▶ _Information provided_
++++++++++

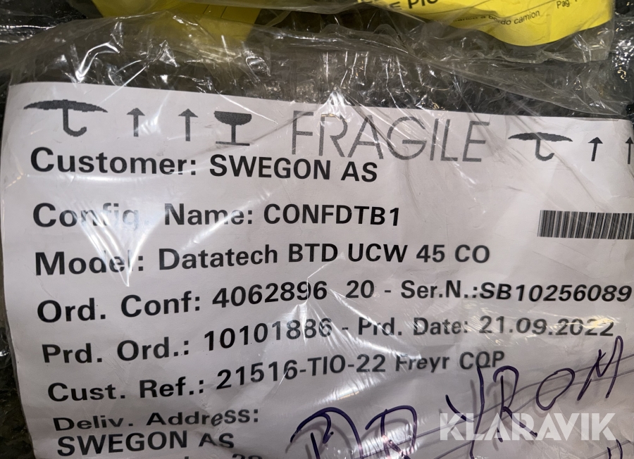 Boka frakt? Det finns ingen specifik information om frakt för just det här objektet, men om du skickar oss en förfrågan via vårt fraktformulär, så undersöker vi möjligheten. Paket, EU-pall eller större maskin? Klaravik har fraktavtal med Schenker och i de fall vi kan hjälpa till med frakt gäller det objekt som ryms i paket eller inom en EU-pall (upp till 120*80 cm och 990 kg). Det går att beställa frakt inom Sverige, dock inte till utlandet. Vid frakt på större maskiner rekommenderar vi gärna transportföretag som du kan kontakta.
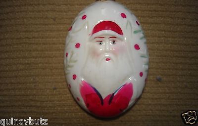 ANTIQUE LARGE MILK GLASS CHRISTMAS SANTA LIGHT BULB ORNAMENT BLOWN OUT MOLD
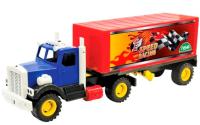 Яркая модель представляет собой копию грузовика с вместительным кузовом.
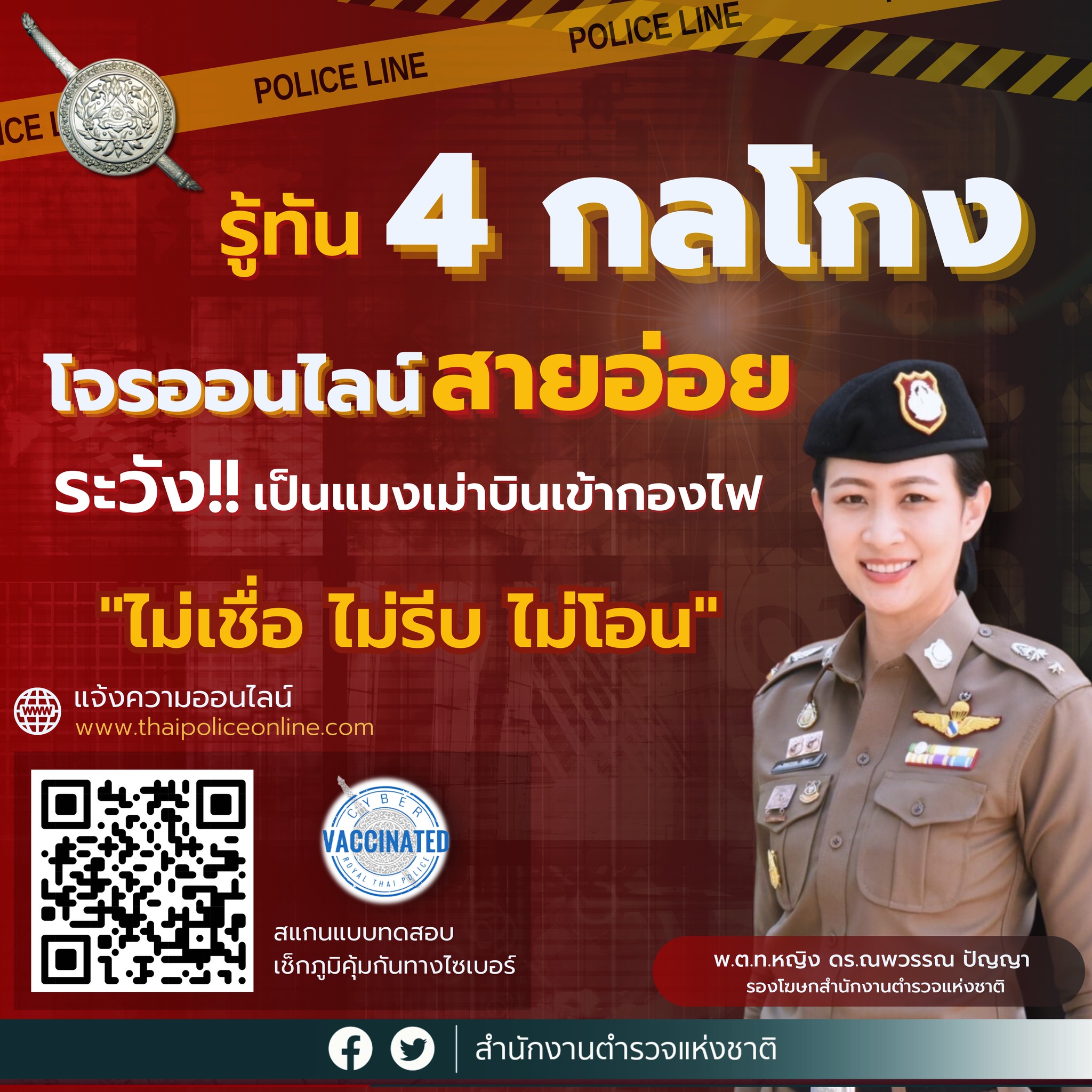 แฉกลโกง “โจรออนไลน์สายอ่อย” ย้ำประชาชนอย่าเป็น “แมงเม่าบินเข้ากองไฟ” เผยสถิติแจ้งความคดีออนไลน์ยังคงสูง เชิญชวนเสริมสร้างภูมิคุ้มกันผ่านแบบทดสอบ “ไซเบอร์วัคซีน”

++++++++++

▶ _The problem_
Word for word, restate all of the material above except its pictures.

▶ _Task output_
 Boka frakt? Det finns ingen specifik information om frakt för just det här objektet, men om du skickar oss en förfrågan via vårt fraktformulär, så undersöker vi möjligheten. Paket, EU-pall eller större maskin? Klaravik har fraktavtal med Schenker och i de fall vi kan hjälpa till med frakt gäller det objekt som ryms i paket eller inom en EU-pall (upp till 120*80 cm och 990 kg). Det går att beställa frakt inom Sverige, dock inte till utlandet. Vid frakt på större maskiner rekommenderar vi gärna transportföretag som du kan kontakta.
 ANTIQUE LARGE MILK GLASS CHRISTMAS SANTA LIGHT BULB ORNAMENT BLOWN OUT MOLD
 Яркая модель представляет собой копию грузовика с вместительным кузовом.
 แฉกลโกง “โจรออนไลน์สายอ่อย” ย้ำประชาชนอย่าเป็น “แมงเม่าบินเข้ากองไฟ” เผยสถิติแจ้งความคดีออนไลน์ยังคงสูง เชิญชวนเสริมสร้างภูมิคุ้มกันผ่านแบบทดสอบ “ไซเบอร์วัคซีน”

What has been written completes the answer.